Typically, in finance, we estimate independent variables which inform an output variable that we are attempting to explain.
Example: Valuing a company involves key inputs such as revenue growth and operating margins.
Suppose we estimate revenue growth at g = 12% and operating margin at m = 8%.
Point estimates, while convenient, are limiting due to inherent uncertainties in actual values.
Instead of providing point estimates, we replace each with a probability distribution.

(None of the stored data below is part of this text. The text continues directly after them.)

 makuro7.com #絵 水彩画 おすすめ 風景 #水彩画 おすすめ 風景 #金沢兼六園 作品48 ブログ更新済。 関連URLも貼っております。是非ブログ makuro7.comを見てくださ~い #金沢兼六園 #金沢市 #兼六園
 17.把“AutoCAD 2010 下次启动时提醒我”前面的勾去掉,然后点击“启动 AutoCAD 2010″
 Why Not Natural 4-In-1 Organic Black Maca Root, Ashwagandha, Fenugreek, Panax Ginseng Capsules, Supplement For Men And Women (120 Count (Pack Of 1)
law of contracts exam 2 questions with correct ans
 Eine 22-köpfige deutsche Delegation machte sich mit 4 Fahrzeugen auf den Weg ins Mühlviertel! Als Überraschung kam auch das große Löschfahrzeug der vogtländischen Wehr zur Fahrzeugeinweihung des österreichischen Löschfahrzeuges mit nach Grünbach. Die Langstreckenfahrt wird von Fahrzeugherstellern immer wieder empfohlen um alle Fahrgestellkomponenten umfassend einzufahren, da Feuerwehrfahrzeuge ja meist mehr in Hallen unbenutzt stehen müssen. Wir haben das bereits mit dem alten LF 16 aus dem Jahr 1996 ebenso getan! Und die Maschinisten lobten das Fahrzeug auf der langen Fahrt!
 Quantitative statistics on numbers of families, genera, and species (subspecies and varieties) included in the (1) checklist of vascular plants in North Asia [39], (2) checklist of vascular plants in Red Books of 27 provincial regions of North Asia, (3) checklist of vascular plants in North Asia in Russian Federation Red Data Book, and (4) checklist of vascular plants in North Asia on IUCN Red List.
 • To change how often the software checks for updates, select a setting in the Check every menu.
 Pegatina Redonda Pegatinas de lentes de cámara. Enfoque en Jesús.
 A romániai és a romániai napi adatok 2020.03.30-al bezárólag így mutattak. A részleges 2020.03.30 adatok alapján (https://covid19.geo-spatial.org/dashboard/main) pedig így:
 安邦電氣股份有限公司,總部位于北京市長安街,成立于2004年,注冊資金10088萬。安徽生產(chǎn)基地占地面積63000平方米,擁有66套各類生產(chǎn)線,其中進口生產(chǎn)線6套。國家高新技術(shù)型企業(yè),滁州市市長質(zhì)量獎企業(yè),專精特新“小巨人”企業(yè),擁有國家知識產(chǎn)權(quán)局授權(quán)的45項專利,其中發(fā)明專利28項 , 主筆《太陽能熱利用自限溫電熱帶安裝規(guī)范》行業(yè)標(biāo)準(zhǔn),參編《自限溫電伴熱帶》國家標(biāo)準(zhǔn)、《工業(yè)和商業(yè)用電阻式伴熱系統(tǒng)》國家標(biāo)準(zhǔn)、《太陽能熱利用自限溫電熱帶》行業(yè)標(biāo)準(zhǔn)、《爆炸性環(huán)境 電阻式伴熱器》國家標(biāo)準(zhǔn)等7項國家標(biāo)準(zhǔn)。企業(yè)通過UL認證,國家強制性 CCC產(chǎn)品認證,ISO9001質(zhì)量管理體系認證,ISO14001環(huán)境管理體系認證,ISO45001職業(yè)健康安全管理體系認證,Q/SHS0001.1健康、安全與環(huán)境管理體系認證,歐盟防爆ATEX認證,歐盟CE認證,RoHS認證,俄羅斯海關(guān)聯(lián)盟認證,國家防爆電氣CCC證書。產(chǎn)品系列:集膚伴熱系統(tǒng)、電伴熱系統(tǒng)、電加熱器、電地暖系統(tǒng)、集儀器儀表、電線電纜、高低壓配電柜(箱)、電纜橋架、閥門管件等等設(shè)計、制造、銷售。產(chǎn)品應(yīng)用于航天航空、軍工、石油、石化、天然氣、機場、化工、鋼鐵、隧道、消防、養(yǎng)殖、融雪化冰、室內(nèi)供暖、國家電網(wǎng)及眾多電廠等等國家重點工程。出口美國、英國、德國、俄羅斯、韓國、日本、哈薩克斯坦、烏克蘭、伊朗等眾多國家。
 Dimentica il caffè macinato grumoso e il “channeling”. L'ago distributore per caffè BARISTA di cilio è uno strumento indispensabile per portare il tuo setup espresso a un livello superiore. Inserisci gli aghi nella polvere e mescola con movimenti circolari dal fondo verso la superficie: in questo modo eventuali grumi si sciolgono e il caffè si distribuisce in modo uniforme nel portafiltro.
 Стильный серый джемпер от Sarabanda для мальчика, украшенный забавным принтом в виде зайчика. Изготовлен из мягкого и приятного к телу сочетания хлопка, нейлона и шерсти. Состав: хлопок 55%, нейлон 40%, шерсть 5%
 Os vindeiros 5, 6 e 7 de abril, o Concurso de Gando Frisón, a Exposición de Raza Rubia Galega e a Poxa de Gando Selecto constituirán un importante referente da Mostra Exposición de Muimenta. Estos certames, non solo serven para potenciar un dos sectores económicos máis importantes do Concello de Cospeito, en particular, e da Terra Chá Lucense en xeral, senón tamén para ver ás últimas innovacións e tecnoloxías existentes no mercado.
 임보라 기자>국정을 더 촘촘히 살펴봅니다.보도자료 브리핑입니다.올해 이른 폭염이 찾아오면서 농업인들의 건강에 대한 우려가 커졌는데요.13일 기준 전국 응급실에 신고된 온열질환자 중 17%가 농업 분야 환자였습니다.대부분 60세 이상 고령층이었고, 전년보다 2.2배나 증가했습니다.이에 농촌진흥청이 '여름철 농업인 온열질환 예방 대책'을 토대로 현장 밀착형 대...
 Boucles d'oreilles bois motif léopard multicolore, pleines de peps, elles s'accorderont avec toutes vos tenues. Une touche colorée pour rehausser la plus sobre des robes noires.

For example, revenue growth could be modeled with a distribution centered around 12% but allowing for variance (e.g., a range between 4% and 20%).
Monte Carlo simulations allow us to:
Select a random value from each of the distributions defined for independent variables.
Run simulations multiple times to produce a range of outputs, providing a distribution of output values rather than a single estimate.
For successful simulations:
Build a sound base model connecting independent variables to the output variable.
Keep the model simple and transparent.
Focus on the most significant independent variables in terms of their effect on outputs.
Analyzing uncertainties involves distinguishing between: Discrete vs. Continuous Uncertainty:
Continuous Uncertainty: e.g., margins that can take on a range of values.
Discrete Uncertainty: e.g., regulatory changes that can either happen or not (0 or 1).
Symmetric vs. Asymmetric Risk:
Symmetric: Uncertainty exists equally on both sides.
Asymmetric: Greater likelihood of being wrong in one direction (e.g., margins could drop significantly).
It is crucial to identify the right type of distributions (e.g., normal, log-normal, triangular) to model your uncertainties.
In a valuation example performed in May 2016: Point Estimates:
Revenue Growth (g): 1.5%
Operating Margin (m): 25%
A base case valuation provided a value of 126 per share.
For Revenue Growth, a log-normal distribution was chosen due to the belief in positive surprise potential.
For Operating Margin, a triangular distribution was used, with bounds set to prevent unrealistic values.
Using Crystal Ball (an Excel add-on):
Conducted 100, 000 simulations.
Resulting output showed distributions of value per share.
Median Value: Approximately $123 per share.
Value Range:
10th Decile: $99
90th Decile: $157
Indicates a high probability (93%) that Apple is undervalued compared to its market trading price of $93.
Monte Carlo simulations provide not just a point estimate but a fuller picture of uncertainty, allowing analysts to make more informed decisions. By looking at the distribution of potential outcomes, analysts can more effectively address and understand the risks involved.
Establish a clear model linking independent variables and outputs.
Use distributions to represent uncertainties accurately.
Employ simulations to analyze and understand variability in outcomes.